• Task to complete: Below are some records; give them all again exactly, but not the pictures.

• Information provided:
######
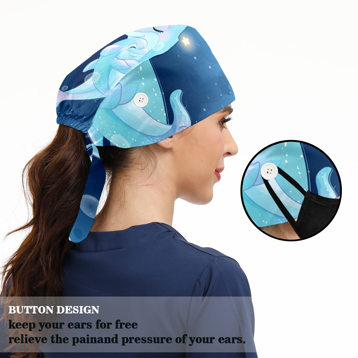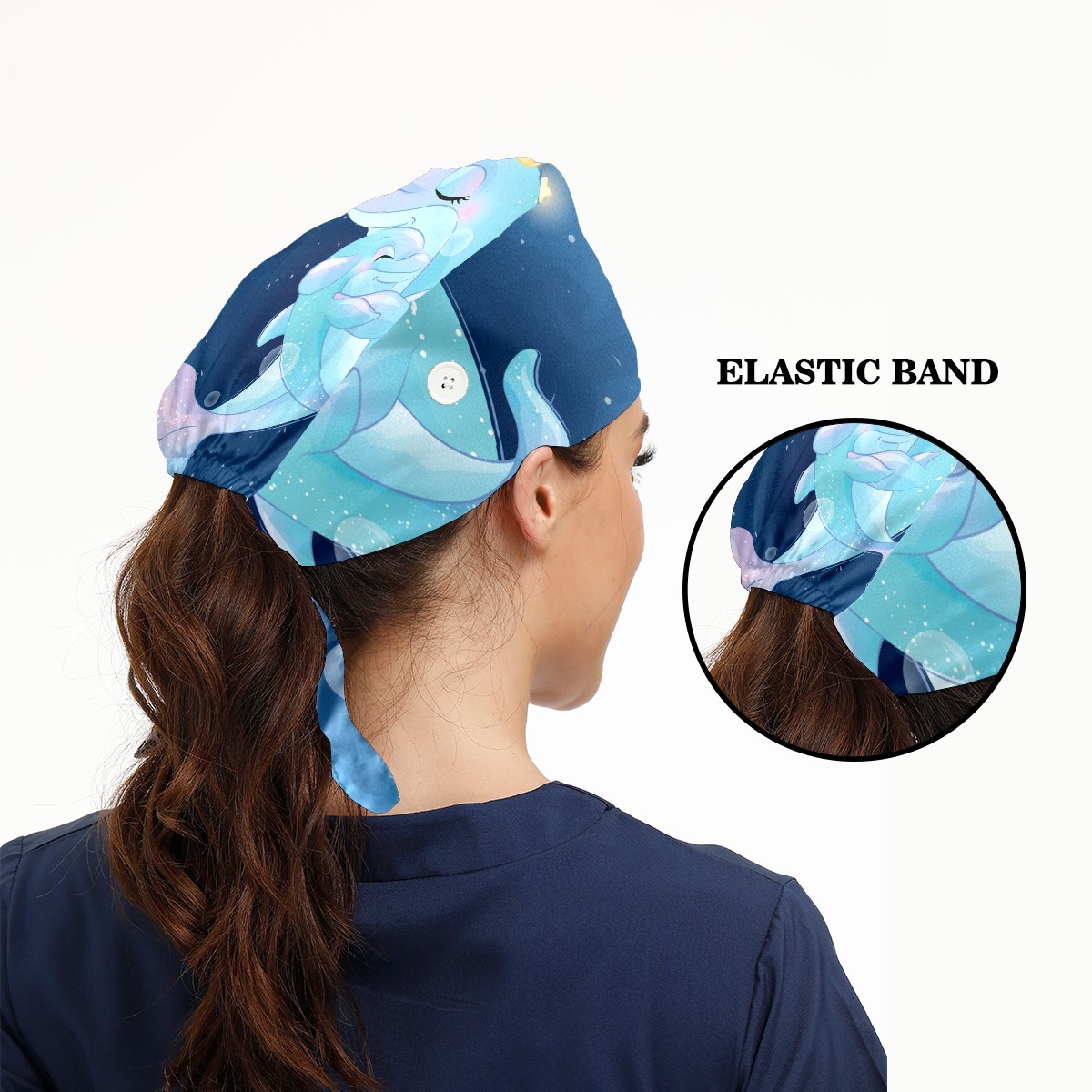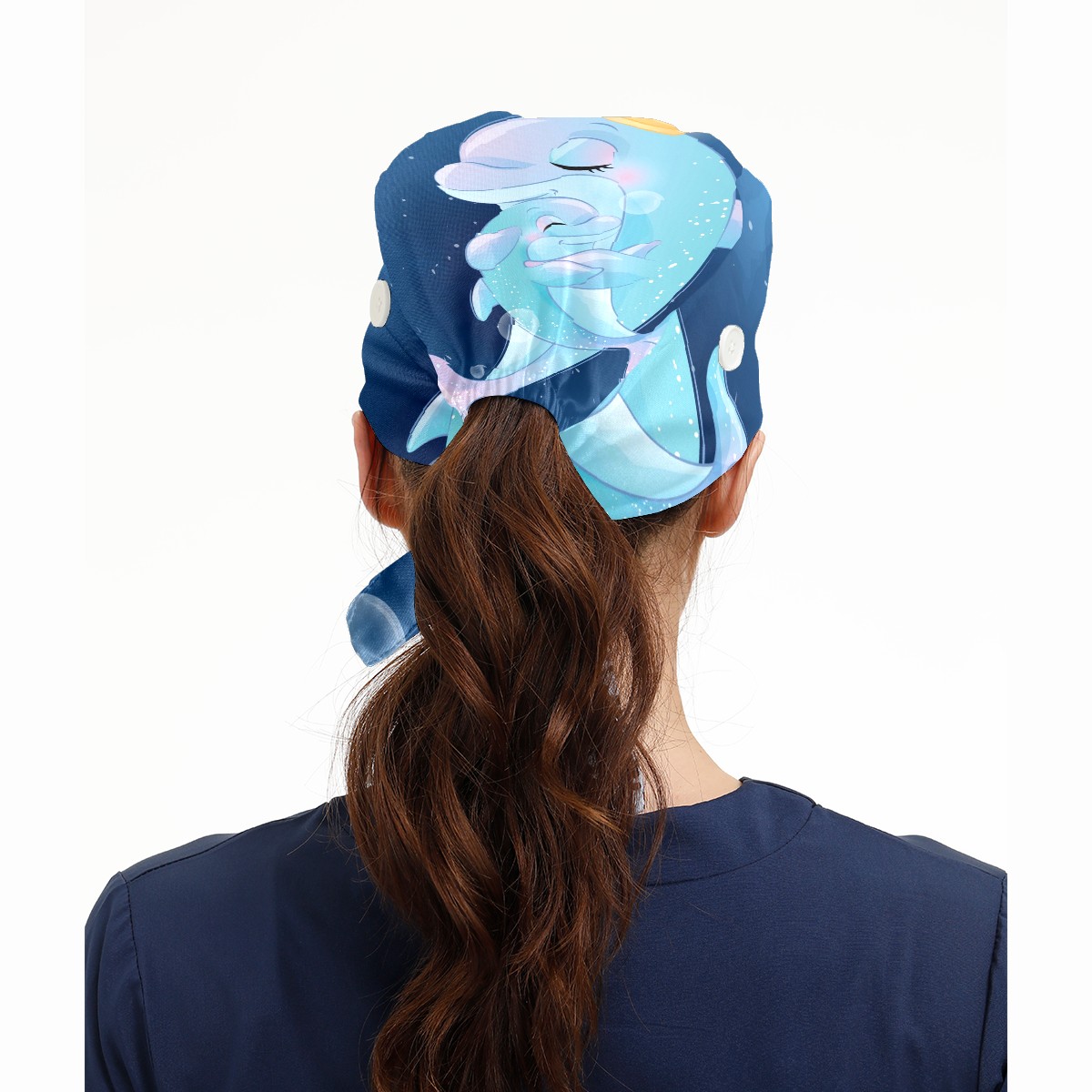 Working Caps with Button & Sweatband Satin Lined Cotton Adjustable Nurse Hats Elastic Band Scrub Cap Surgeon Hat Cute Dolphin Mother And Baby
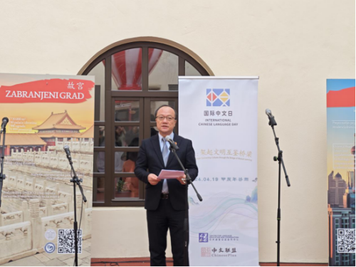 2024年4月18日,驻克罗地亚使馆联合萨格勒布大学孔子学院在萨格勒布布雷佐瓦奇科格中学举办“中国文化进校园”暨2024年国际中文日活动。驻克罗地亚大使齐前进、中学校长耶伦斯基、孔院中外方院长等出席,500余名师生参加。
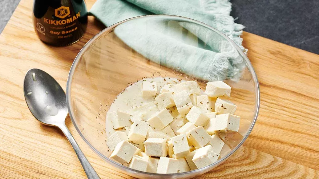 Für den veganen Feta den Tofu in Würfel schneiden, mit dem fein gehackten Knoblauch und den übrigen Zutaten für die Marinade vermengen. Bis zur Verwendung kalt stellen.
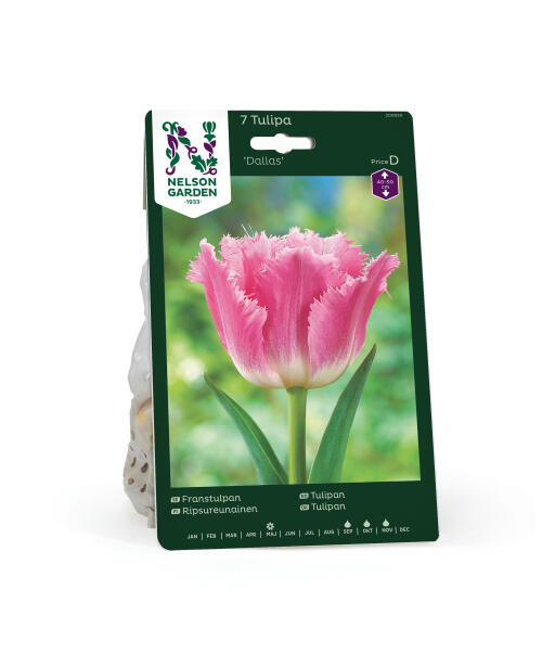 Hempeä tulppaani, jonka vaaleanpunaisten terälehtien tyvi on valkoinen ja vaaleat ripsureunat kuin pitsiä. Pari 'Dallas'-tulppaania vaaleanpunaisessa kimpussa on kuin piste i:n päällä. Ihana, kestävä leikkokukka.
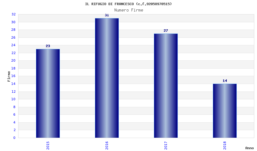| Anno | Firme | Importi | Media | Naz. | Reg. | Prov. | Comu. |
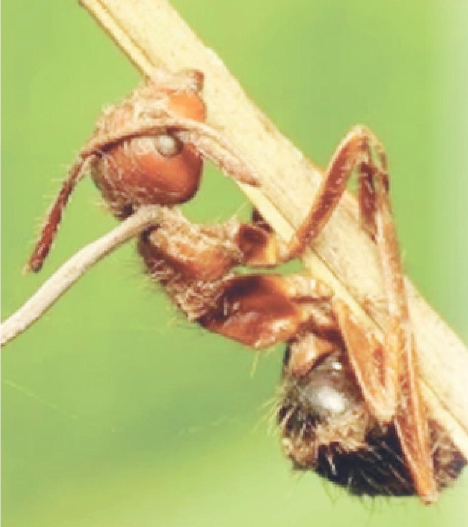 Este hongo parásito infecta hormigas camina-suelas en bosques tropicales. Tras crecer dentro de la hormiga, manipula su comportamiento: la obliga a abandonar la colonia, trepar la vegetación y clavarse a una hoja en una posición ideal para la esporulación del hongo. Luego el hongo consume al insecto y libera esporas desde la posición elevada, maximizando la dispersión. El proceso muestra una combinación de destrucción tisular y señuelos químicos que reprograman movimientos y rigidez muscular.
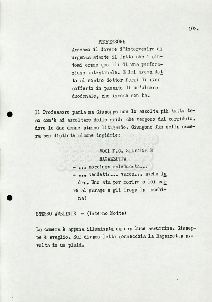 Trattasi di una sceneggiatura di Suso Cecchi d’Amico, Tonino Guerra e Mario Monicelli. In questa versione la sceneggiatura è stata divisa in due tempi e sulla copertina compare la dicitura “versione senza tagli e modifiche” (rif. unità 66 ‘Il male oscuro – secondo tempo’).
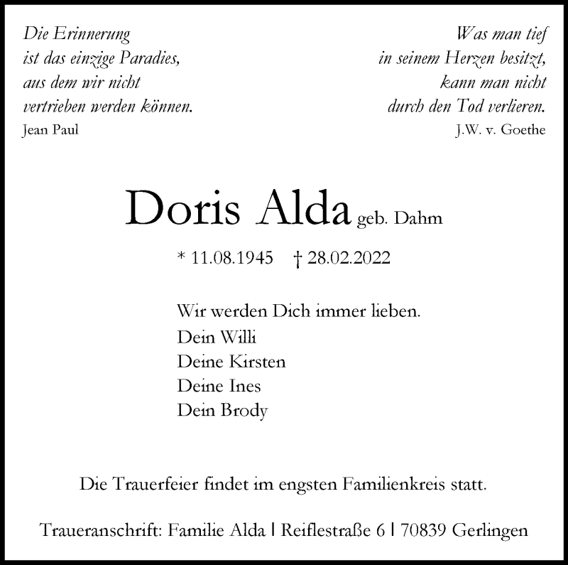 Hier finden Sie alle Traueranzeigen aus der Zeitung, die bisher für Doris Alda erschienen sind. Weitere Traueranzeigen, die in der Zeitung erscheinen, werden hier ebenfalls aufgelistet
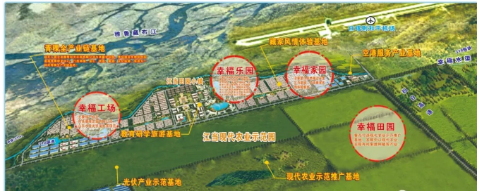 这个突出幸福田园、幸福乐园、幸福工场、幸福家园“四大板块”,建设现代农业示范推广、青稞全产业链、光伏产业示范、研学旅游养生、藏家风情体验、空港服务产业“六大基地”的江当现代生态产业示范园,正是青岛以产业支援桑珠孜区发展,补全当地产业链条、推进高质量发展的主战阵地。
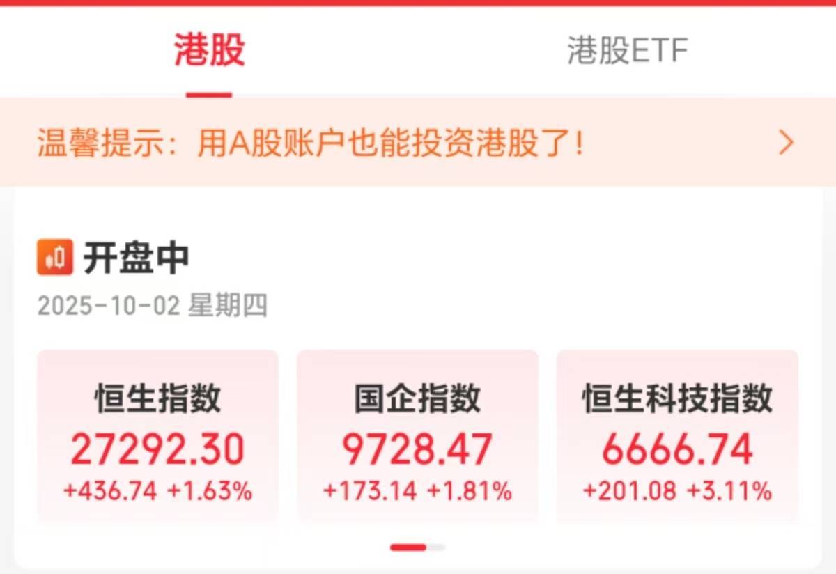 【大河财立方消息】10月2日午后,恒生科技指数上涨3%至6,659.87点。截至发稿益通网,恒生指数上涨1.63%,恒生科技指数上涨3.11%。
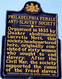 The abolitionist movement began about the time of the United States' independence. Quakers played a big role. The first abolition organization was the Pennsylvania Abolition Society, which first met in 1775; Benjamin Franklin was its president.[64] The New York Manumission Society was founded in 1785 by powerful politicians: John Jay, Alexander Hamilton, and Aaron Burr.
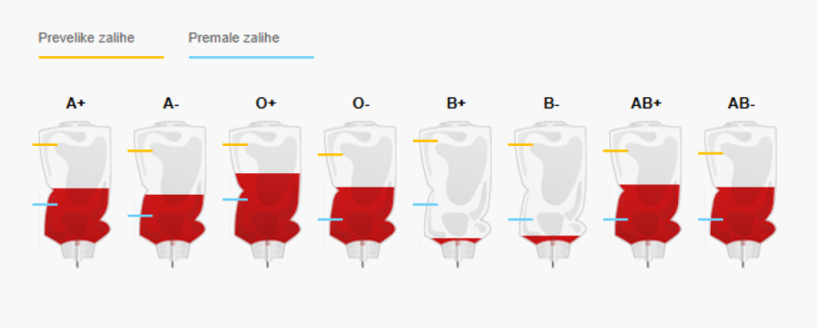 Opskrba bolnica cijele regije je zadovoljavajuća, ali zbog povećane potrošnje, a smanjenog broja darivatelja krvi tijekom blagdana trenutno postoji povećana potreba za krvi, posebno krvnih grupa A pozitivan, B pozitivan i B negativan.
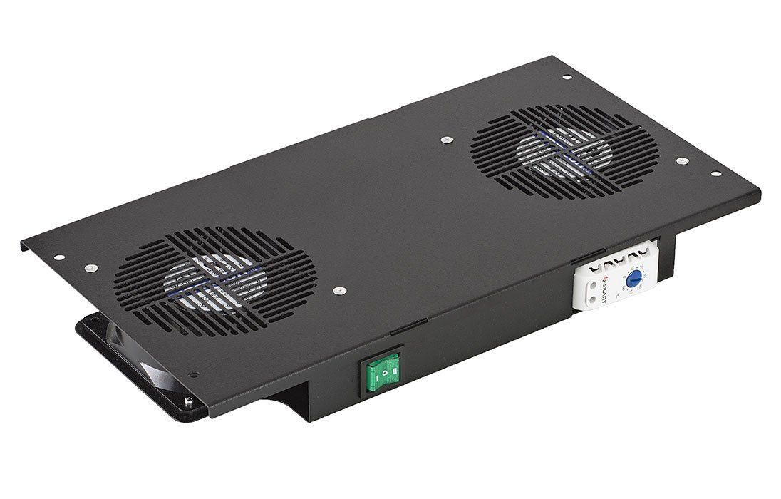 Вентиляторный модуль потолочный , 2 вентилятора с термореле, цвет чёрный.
######
• Task response:
 Working Caps with Button & Sweatband Satin Lined Cotton Adjustable Nurse Hats Elastic Band Scrub Cap Surgeon Hat Cute Dolphin Mother And Baby
 2024年4月18日,驻克罗地亚使馆联合萨格勒布大学孔子学院在萨格勒布布雷佐瓦奇科格中学举办“中国文化进校园”暨2024年国际中文日活动。驻克罗地亚大使齐前进、中学校长耶伦斯基、孔院中外方院长等出席,500余名师生参加。
 Für den veganen Feta den Tofu in Würfel schneiden, mit dem fein gehackten Knoblauch und den übrigen Zutaten für die Marinade vermengen. Bis zur Verwendung kalt stellen.
 Hempeä tulppaani, jonka vaaleanpunaisten terälehtien tyvi on valkoinen ja vaaleat ripsureunat kuin pitsiä. Pari 'Dallas'-tulppaania vaaleanpunaisessa kimpussa on kuin piste i:n päällä. Ihana, kestävä leikkokukka.
| Anno | Firme | Importi | Media | Naz. | Reg. | Prov. | Comu. |
 Este hongo parásito infecta hormigas camina-suelas en bosques tropicales. Tras crecer dentro de la hormiga, manipula su comportamiento: la obliga a abandonar la colonia, trepar la vegetación y clavarse a una hoja en una posición ideal para la esporulación del hongo. Luego el hongo consume al insecto y libera esporas desde la posición elevada, maximizando la dispersión. El proceso muestra una combinación de destrucción tisular y señuelos químicos que reprograman movimientos y rigidez muscular.
 Trattasi di una sceneggiatura di Suso Cecchi d’Amico, Tonino Guerra e Mario Monicelli. In questa versione la sceneggiatura è stata divisa in due tempi e sulla copertina compare la dicitura “versione senza tagli e modifiche” (rif. unità 66 ‘Il male oscuro – secondo tempo’).
 Hier finden Sie alle Traueranzeigen aus der Zeitung, die bisher für Doris Alda erschienen sind. Weitere Traueranzeigen, die in der Zeitung erscheinen, werden hier ebenfalls aufgelistet
 这个突出幸福田园、幸福乐园、幸福工场、幸福家园“四大板块”,建设现代农业示范推广、青稞全产业链、光伏产业示范、研学旅游养生、藏家风情体验、空港服务产业“六大基地”的江当现代生态产业示范园,正是青岛以产业支援桑珠孜区发展,补全当地产业链条、推进高质量发展的主战阵地。
 【大河财立方消息】10月2日午后,恒生科技指数上涨3%至6,659.87点。截至发稿益通网,恒生指数上涨1.63%,恒生科技指数上涨3.11%。
 The abolitionist movement began about the time of the United States' independence. Quakers played a big role. The first abolition organization was the Pennsylvania Abolition Society, which first met in 1775; Benjamin Franklin was its president.[64] The New York Manumission Society was founded in 1785 by powerful politicians: John Jay, Alexander Hamilton, and Aaron Burr.
 Opskrba bolnica cijele regije je zadovoljavajuća, ali zbog povećane potrošnje, a smanjenog broja darivatelja krvi tijekom blagdana trenutno postoji povećana potreba za krvi, posebno krvnih grupa A pozitivan, B pozitivan i B negativan.
 Вентиляторный модуль потолочный , 2 вентилятора с термореле, цвет чёрный.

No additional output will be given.